Friday, September 17, 2010

Aloneness, Day Fourteen of Hospice

I dawned on me early this morning after another restless night how very, very alone my mother was during the final days before her own mother's death.  I found her account of it last night and posted part of it here.  From the Tuesday night stroke until the Friday afternoon frantic phone calls, she went through this absolutely alone.

I assume my dad was out of town.  He had not yet retired, and traveled extensively for his work.  She clearly did not phone either me or my sister so neither of us knew what was happening.  I know I was ill, and was also caring for a two year old and a six month old, so my hands were full.  My sister was busy with career challenges, and I'm betting mother thought the same thing about both of us:  she didn't want to pull us away from our activities to help her.  My brother had long since moved to California and although there was much friendly and warm correspondence between his wife and my mother, she would not have called on them for help either.
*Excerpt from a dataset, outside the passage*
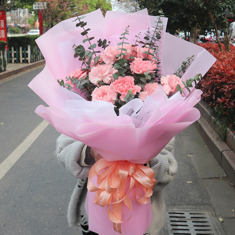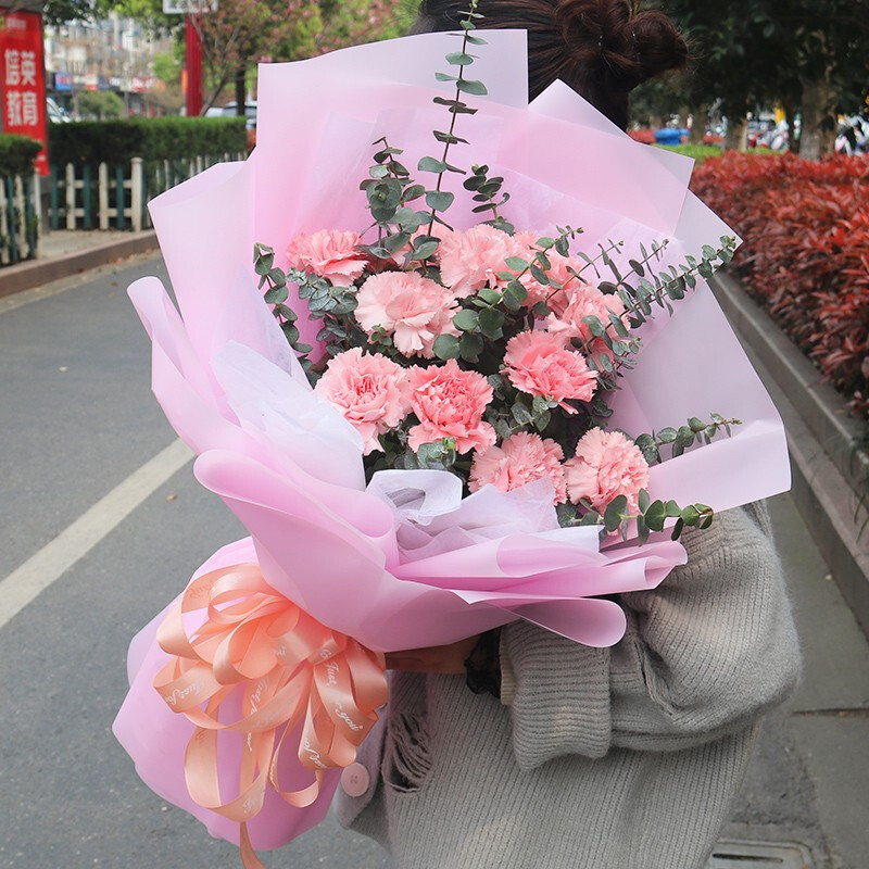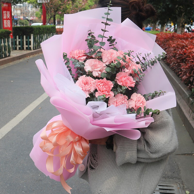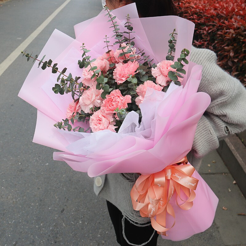 花材: 11朵粉色康乃馨,搭配尤加利叶。

She also didn't phone friends, neighbors, or her church until that last day. As I reflect on her life, I become more aware of her need to be very much independent of others.  

My mother kept a gigantic part of herself deeply hidden.  I remember asking her a couple of years ago what she wanted to eat, as my husband and I were planning a special family gathering and wanted very much for her wishes to be honored.  It took me twenty minutes of patient (and probably not so patient) questioning before she could even mention offer a special food request that was unique to her.  It was always, "I know that so and so likes this, and you like that" type of answer.  I kept asking, "But what you YOU want?"  I'm not sure she really knew--she'd spent much of her life trying to figure out what everyone else wanted and in the process may have lost touch with her own preferences.
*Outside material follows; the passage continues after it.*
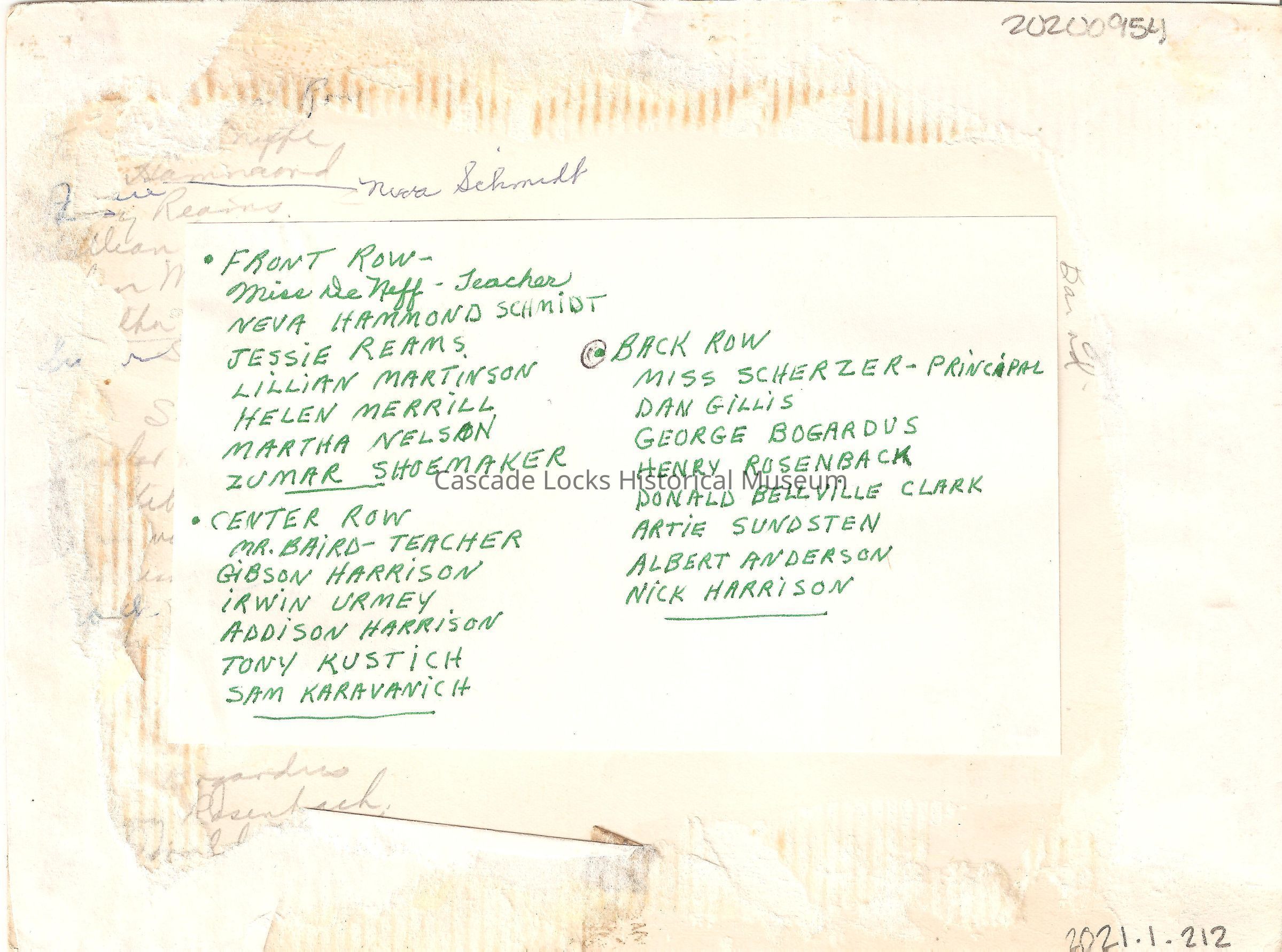 Back of card reads; Front Row- Miss Deneff- Teacher, Neva Hammond Schmidt, Jessie Reams, Lillian Martinson, Helen Merrill, Martha Nelson, Zumar Shoemaker, Center Row, Mr. Baird- Teacher, Gilbert Harrison, Irwin Urmey, Addison Harrison, Tony Kustich, Sam Karavanich, Back Row-miss Scherzer- Principal, Dan Gillis, George Bogardus, Henry Rosenback, Donald Bellville Clark, Artie Sundsten, Albert Anderson, Nick Harrison.Made/Created

I've barely started to read her letters, but it is already clear that they are primarily about others.  Only rarely does she write of her own experiences, her own feelings, and how what happened around her affected her.

There's a powerful strength in this.  There is also a unique aloneness in this determination to keep people distanced emotionally.  And perhaps to keep own emotions distant from herself as well.  

Yesterday, I wrote a draft of her obituary.  I sought to capture her life in the confines of a short newspaper column.  In the writing, I realized again how little I really knew her in the most intimate sense of the word.  

I think the most basic of all human needs is to be both fully known and fully loved.  I also know that few of us are actually willing to be fully known because we live with the fear that says, "If you really did know me, you could not possibly love me."  So, we choose protection and invulnerability in activity, in accomplishments and addictions, in distractions, in work and hobbies, in anything that will keep our surfaces somewhat intact so the swirling chaos underneath can stay hidden.

To some degree, this will protect us from the pain of vulnerability.  But at some point, each of us will indeed die. And then someone will go through all our stuff.  That stuff, or perhaps even lack of stuff, alone reveals so much.  I'm just pondering how much we miss of real life and supportive relationships by this need to hide our true selves.  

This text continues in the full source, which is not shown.